Depois de uma parada em Neuquén para dormir um pouco e outras
sete horas de viagem no dia seguinte, chegamos em casa. E nesta
mesma noite, por fim deitado em sua cama, prestes a dormir, o meu pai
se sobressalta quando toca o telefone da sala, ele levanta para atender
e ouve pela primeira vez esse silêncio frio e escuro que tanto o
perturbará por anos. E ainda seguem várias noites nas quais continua
levantando para atender. Porque poderiam ligar de Buenos Aires com
um último laudo urgente, porque no Hospital Italiano as notícias
críticas sempre tinham chegado de madrugada. E ele atende, ele
sempre atende. “Alô”, diz, “alô!” E leva um tempo para se resignar e
desligar.
Antes do banho, o meu pai confere o meu corpo minuciosamente,
inclusive debaixo das axilas, a virilha, e até me faz abrir a boca. Não é
a primeira vez que faz isso desde a volta de Buenos Aires. Ele não sabe
o que procura, talvez marcas na pele, um arranhão, mas não acha
nadica de nada. Me põe na banheira me segurando pelos braços,
prestando atenção para que nem uma só gota de água entre pela
traqueostomia. Molha o meu cabelo devagar, me ensaboa, está atento
à espuma, que só pode cair pela parte de trás da cabeça, e aproveita o
gesto para checar meu couro cabeludo.
“Era uma graça o brinquedo das madeirinhas, né? No posto…”
Faz o comentário como quem não quer nada, para ver o que
acontece. Eu me concentro nos meus joelhos. Mamãe acha que houve
alguma coisa comigo no posto de serviços quando eles não estavam,
que não sou o mesmo, que alguma coisa está acontecendo. O meu pai a
acalma dizendo que estou apenas mais cansado que o normal, mas isso
não é o que ele pensa. Ele me segura pelos ombros, me gira para ele,
acocora-se ao meu lado.
“E a mulher, que tal? Tratou você bem?”
Faço que sim. O meu pai gosta de me segurar assim, comprovar
que as minhas omoplatas ainda são pequenas o suficiente para caber
na palma de suas mãos.
“E o homem? O homem também tratou você bem?” Volto a fazer
que sim, olho a espuma crescendo ao redor dos meus joelhos.
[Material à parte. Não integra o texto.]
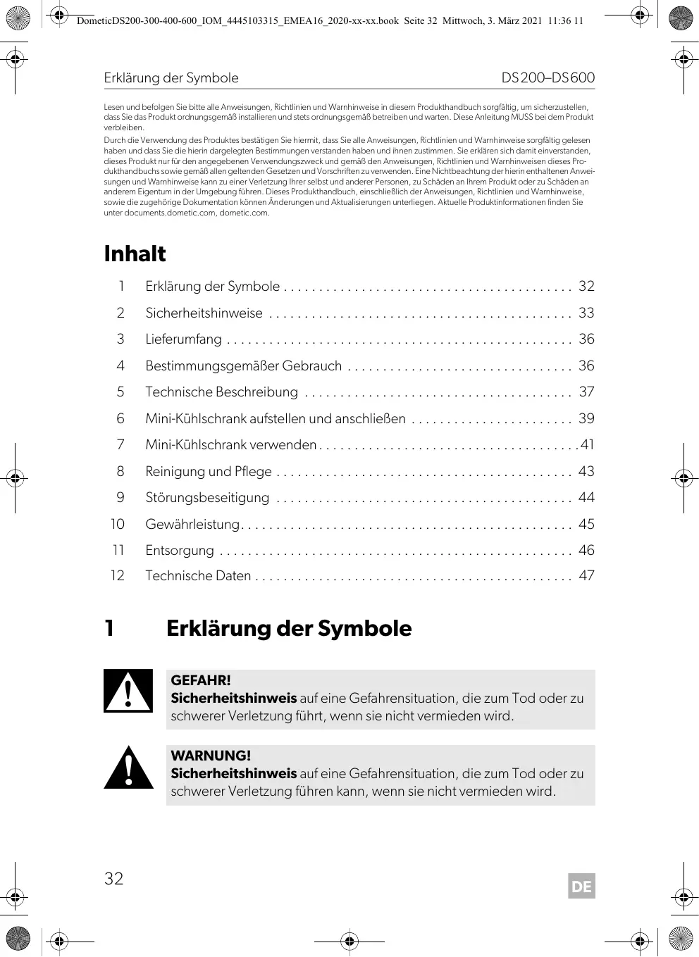 Dieses Handbuch enthält Informationen, die für die ordnungsgemäße Installation und den ordnungsgemäßen Betrieb des Minikühlschranks erforderlich sind. Installationsfehler und/oder ein nicht ordnungsgemäßer Betrieb oder nicht ordnungsgemäße Wartung haben eine unzureichende Leistung und u. U. einen Ausfall des Geräts zur Folge. Der Hersteller übernimmt keine Haftung für Verletzungen oder Schäden am Produkt, die durch Folgendes entstehen: • Unsachgemäße Montage oder falscher Anschluss, einschließlich Überspannung • Unsachgemäße Wartung oder Verwendung von anderen als den vom Hersteller gelieferten Original-Ersatzteilen • Veränderungen am Produkt ohne ausdrückliche Genehmigung des Herstellers • Verwendung für andere als die in der Anleitung beschriebenen Zwecke Dometic behält sich das Recht vor, das Erscheinungsbild des Produkts und dessen technische Daten zu ändern.

“Aconteceu alguma coisa lá?”
Esperamos um instante
Esperamos um instante.
“Filho”, diz o meu pai. O meu pai diz filho, “alguém te fez mal?”
Fico furioso, assim, de repente. Sou uma mola de ferro que acaba
de escapar do colchão. Olho para ele porque não posso evitar. Torcida,
enrolada. O que está querendo saber?
“Não?”, pergunta o meu pai. “Nada?”
Ele mesmo responde? Responde por mim? É algo que está
querendo saber ou é algo que está concluindo?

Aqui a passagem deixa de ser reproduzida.